Her first album Mouneïssa (Label Bleu)which was released in late 1997 in Mali and September 1, 1998 in Europe, was acclaimed for its fresh treatment and unqualifiable combinations of several Malian music traditions such as her use of the ngoni and the balafon.

On July 11, 2000, her second album Wanita was released. Traoré wrote and arranged the entire album. The album was widely acclaimed with The New York Times nominating it as one of its critics’ albums of the year.

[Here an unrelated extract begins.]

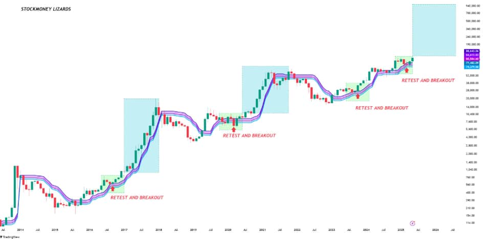 Jak wynika z analizy opublikowanej przez konto Stockmoney Lizards na platformie X Bitcoin właśnie opuścił pasma OTT na wykresie miesięcznym – co historycznie oznaczało początek dynamicznego wzrostu. Wyjaśnijmy, że narzędzie to wykorzystuje średnie kroczące oraz wskaźnik średniego rzeczywistego zakresu (ATR), co czyni je jednym z najbardziej wiarygodnych wskaźników długoterminowych trendów. Poprzednie takie sygnały miały miejsce przed znacznymi wzrostami cen w latach 2016 i 2020.

Her 2003 album Bowmboï has two tracks recorded with the Kronos Quartet but still sung in the Bamana language, and was awarded the prestigious BBC Radio 3 World Music Award. She also released the album, Tchamantché on May 6, 2008, followed by her album Beautiful Africa in 2013.
In 2005 she performed at the “Africa Live” festival, held in Dakar (Senegal) and also at the Youssou N’dour and Friends concert in Geneva, which was also a supporting gala against malaria, with Peter Gabriel, Amadou and Mariam, Gilberto Gil, Tiken Jah Fakoly and Neneh Cherry that same year

In September 2012, she was featured in the campaign “30 Songs / 30 Days” to support Half the Sky: Turning Oppression into Opportunity for Women Worldwide, a multi-platform media project inspired by Nicholas Kristof and Sheryl WuDunn’s book. In 2013, she performed at Glastonbury Festival.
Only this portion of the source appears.